DESCRIPTION OF THE TASK: Given the records below, would you repeat exactly the lines that begin at the one containing "上午8點45分,第一節課的下" and end at the one containing "В высокий стакан", inclusive?
== RECORD EXCERPTS ==
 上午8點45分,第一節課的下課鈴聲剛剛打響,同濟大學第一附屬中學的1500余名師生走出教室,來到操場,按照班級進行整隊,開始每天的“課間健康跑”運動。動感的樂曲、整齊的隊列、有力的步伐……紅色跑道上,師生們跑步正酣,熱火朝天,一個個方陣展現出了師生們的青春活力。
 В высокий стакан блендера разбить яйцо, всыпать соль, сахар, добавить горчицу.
===
== RECORD EXCERPTS ==
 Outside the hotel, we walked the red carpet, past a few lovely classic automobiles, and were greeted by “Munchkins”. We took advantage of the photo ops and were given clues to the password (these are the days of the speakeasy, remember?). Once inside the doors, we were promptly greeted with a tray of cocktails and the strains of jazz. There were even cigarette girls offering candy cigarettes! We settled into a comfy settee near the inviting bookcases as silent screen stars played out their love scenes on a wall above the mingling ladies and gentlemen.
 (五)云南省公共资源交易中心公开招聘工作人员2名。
===
ANSWER TO THE PROBLEM:
 上午8點45分,第一節課的下課鈴聲剛剛打響,同濟大學第一附屬中學的1500余名師生走出教室,來到操場,按照班級進行整隊,開始每天的“課間健康跑”運動。動感的樂曲、整齊的隊列、有力的步伐……紅色跑道上,師生們跑步正酣,熱火朝天,一個個方陣展現出了師生們的青春活力。
 В высокий стакан блендера разбить яйцо, всыпать соль, сахар, добавить горчицу.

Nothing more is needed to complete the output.